In comparison with the CPh group, the treatment of mice by rG-CSF and FCS loaded into scaffolds or injected in solutions resulted in minimization of negative changes in the spleen morphology. This can be regarded either as a consequence of rapid restoration of the organ’s cellular composition or as a consequence of the protective effect of hemo-stimulating agents that prevented cellular depletion of the organ due to active stimulation of cell proliferation. Comparing the effect of the two hemo-stimulating agents, it should be noted that the use of rG-CSF contributed to the restoration of WBC concentrations in the spleen to a greater extent, whereas the effect of FCS resulted in equilibrium restoration of both WBC and RBC content in the organ tissue.

3. Discussion

The obtained results confirm previously published data on the hemo-stimulating activity of natural FCS extracted from the sea cucumber C. japonica, as well as its analogues extracted from other representatives of the sea cucumber, Psolus peronii and Holothuria nobilis [22,23]. According to this data, FCS solutions were injected subcutaneously 24 h after the end of the CPh course. This is a standard recommendation for the use of rG-CSF-based drugs for the reconstitution of hematopoiesis in patients after chemotherapy. In contrast, in the present study, hemo-stimulants, both loaded into scaffolds or used as solutions, were administered in mice immediately after the treatment with CPh. Nevertheless, the studies showed that FCS promotes balanced restoration of blood composition after the cytostatic course. Compared with rG-CSF, FCS had a similar safe effect on WBCs in the blood and spleen stroma. At the same time, the activity of FCS in stimulating the growth of RBCs in the spleen as well as neutrophils and platelets in the blood was slightly increased.
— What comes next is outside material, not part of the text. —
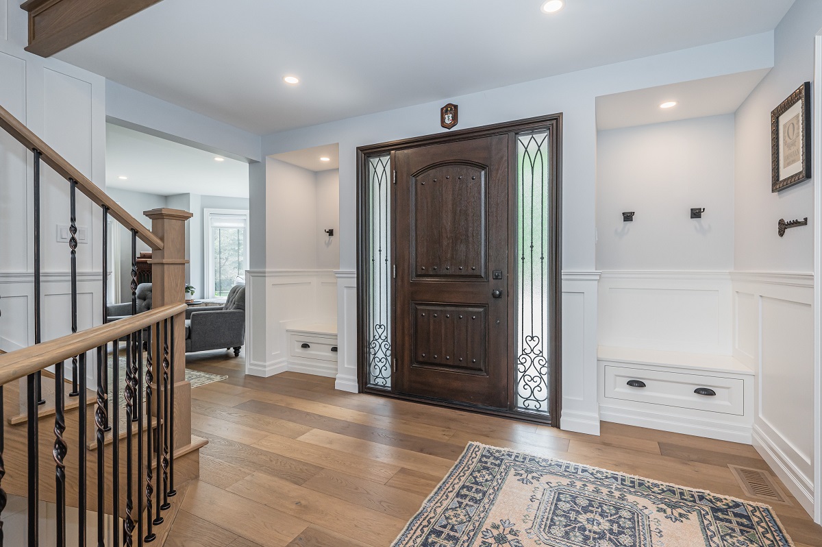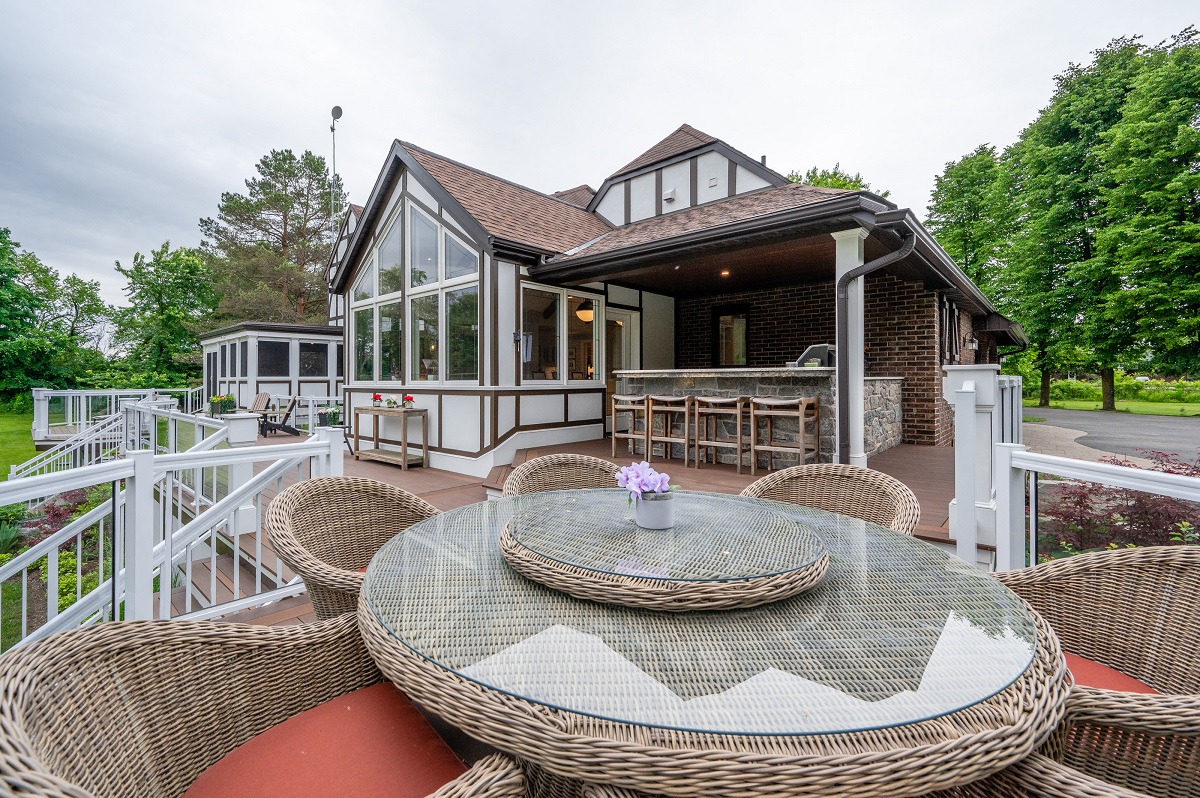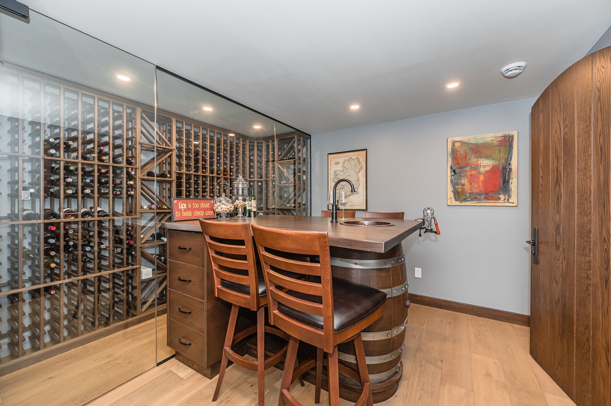 This project is a masterpiece of simple elegance in every part and detail. The French countryside theme carries through the kitchen with its beautifully imported range and ceiling details to the clean paneling and tasteful trim that stands the test of time. Downstairs, the wine room exudes warmth and privacy, while outside the sprawling composite rear deck with its entertainment sections overlooking the sloping lawn to rear wooded area evoke estate visions.
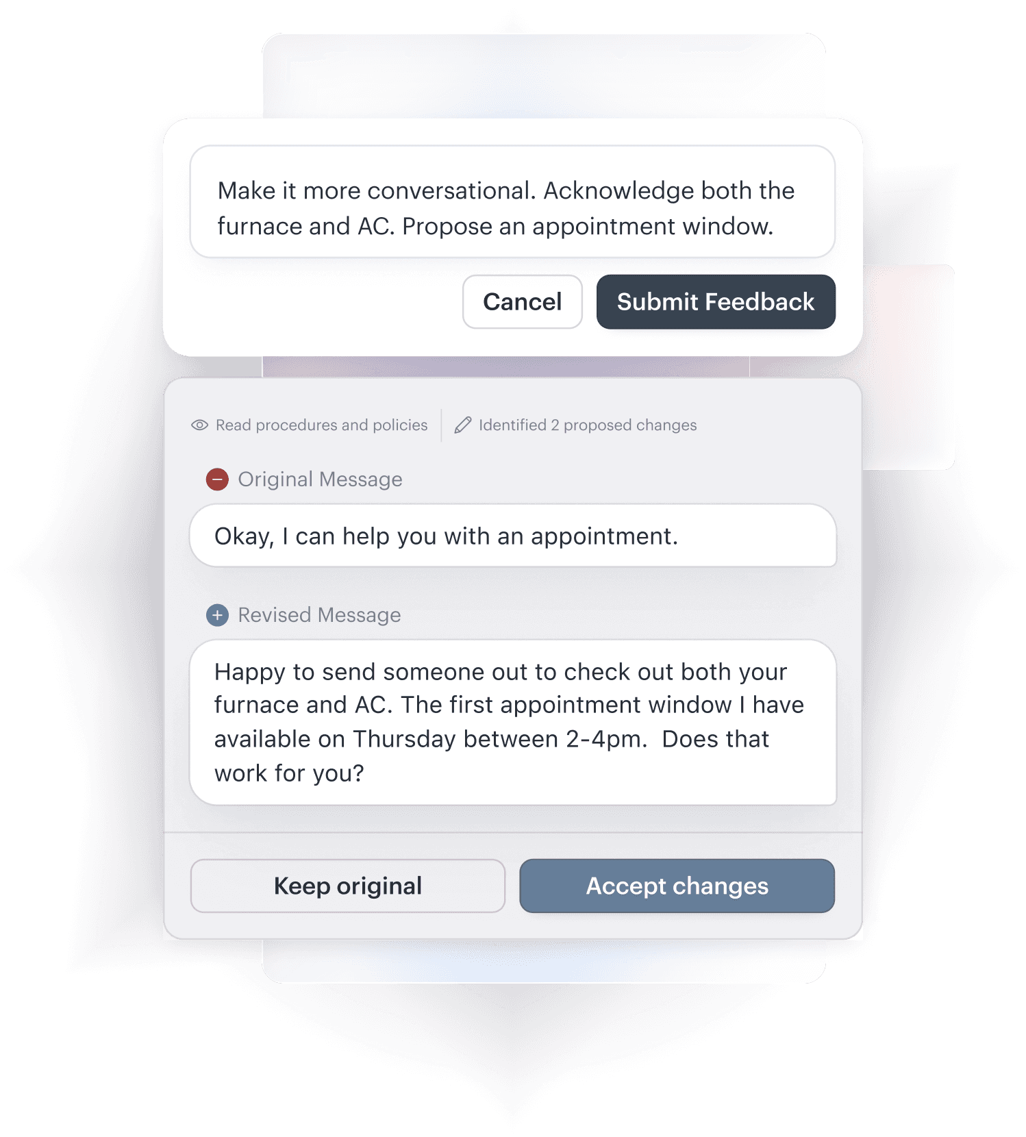 No coding or configuration required. Just describe the change you want, and Avery immediately updates how she responds—applying that learning across all future conversations.

It is obvious that this result is determined by the partial similarity of the mechanism of therapeutic action of FCS and rG-CSF. The data obtained earlier show that both rG-CSF and sulfated polysaccharides, which include FCS extracted from sea cucumbers, inhibit the induction by cells of interleukin-6, which has an ambivalent effect on the immune system [22].

In comparison with subcutaneous injection of rG-CSF and FCS solutions, the implantation of a biodegradable scaffold loaded by active substances led to the prevention of pancytopenia. It resulted also in the restoration of platelet and hemoglobin concentrations in the mice blood, as well as maintaining the supply of RBCs and lymphocytes in the spleen. Since an increase in the concentration of Ki-67(+) cells was found in the bone marrow of mice with implanted scaffolds, it can be assumed that the delayed release of FCS and rG-CSF stimulated the proliferative potential of bone marrow hematopoietic cells, which was reduced after the CPh course. It is obvious that the mechanisms of stimulation of hematopoiesis by FCS and rG-CSF differ. As we have shown earlier, FSC stimulates the proliferation of stem hematopoietic cells (CD34+CD45+) and accordingly leads to the restoration of various links in hematopoiesis [22]. On the other hand, rG-CSF is the principal cytokine controlling neutrophil development and function [32].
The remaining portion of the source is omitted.